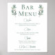 Un script de calligraphie verte simple et élégant avec deux feuilles d'eucalyptus d'aquarelle de chaque côté en haut autour du titre du menu du bar. Une belle affiche minimaliste de menu de boissons d'automne avec votre liste détaillée de vin, bière, spiritueux et boissons non alcoolisées. Décor chic et moderne mariage du soir pour un jardin en soirée.
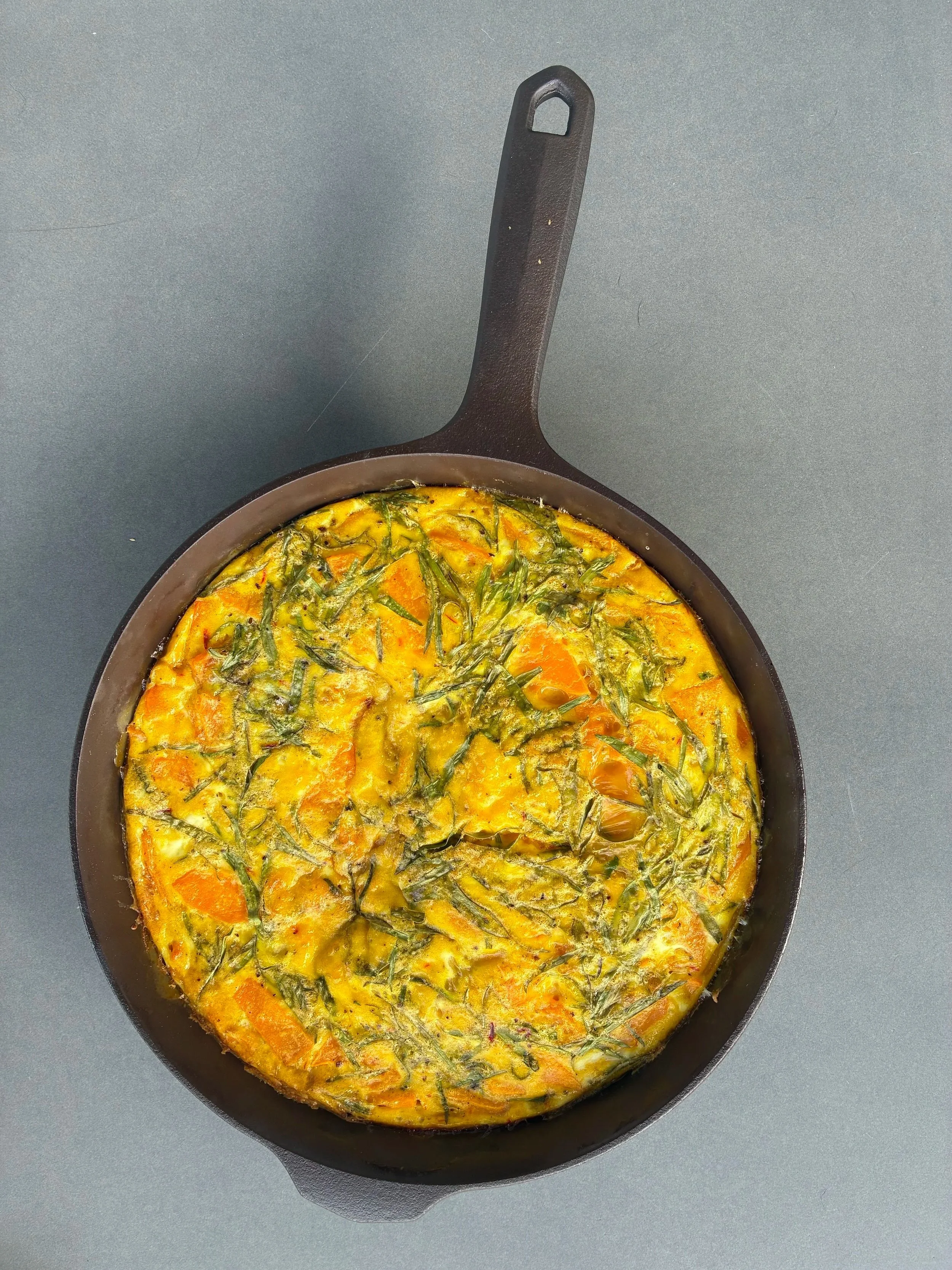Amy made a frittata with butternut squash, shallots, spinach, saffron and tarragon. It was served with a mixed greens salad with fennel, carrots, pomegranate seeds and toasted pepitas dressed in a a dijon, honey, lemon and olive oil dressing.
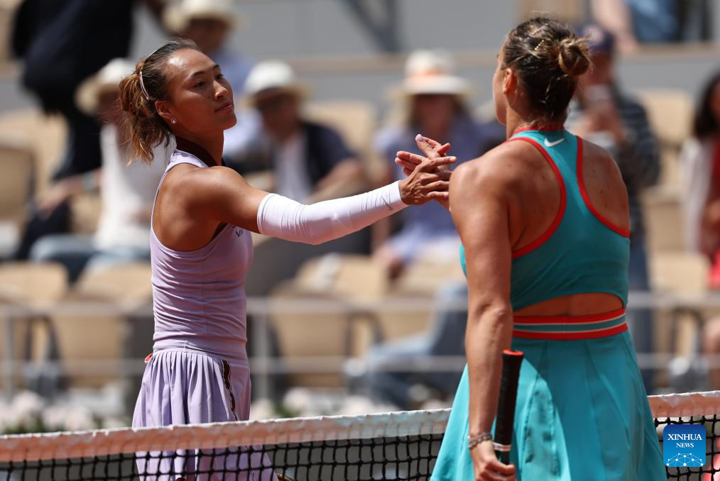 PARÍS, 3 junio, 2025 (Xinhua) -- Zheng Qinwen (i), de China, y Aryna Sabalenka, de Bielorrusia, se saludan al término de los cuartos de final de individuales femeninos en el torneo de tenis Abierto de Francia, en Roland Garros, en París, Francia, el 3 de junio de 2025. (Xinhua/Li Jing)

> Directions: When you repeat the lines above, keep them exact and leave out each image they contain.

> Answer space:
 Un script de calligraphie verte simple et élégant avec deux feuilles d'eucalyptus d'aquarelle de chaque côté en haut autour du titre du menu du bar. Une belle affiche minimaliste de menu de boissons d'automne avec votre liste détaillée de vin, bière, spiritueux et boissons non alcoolisées. Décor chic et moderne mariage du soir pour un jardin en soirée.
Amy made a frittata with butternut squash, shallots, spinach, saffron and tarragon. It was served with a mixed greens salad with fennel, carrots, pomegranate seeds and toasted pepitas dressed in a a dijon, honey, lemon and olive oil dressing.
 PARÍS, 3 junio, 2025 (Xinhua) -- Zheng Qinwen (i), de China, y Aryna Sabalenka, de Bielorrusia, se saludan al término de los cuartos de final de individuales femeninos en el torneo de tenis Abierto de Francia, en Roland Garros, en París, Francia, el 3 de junio de 2025. (Xinhua/Li Jing)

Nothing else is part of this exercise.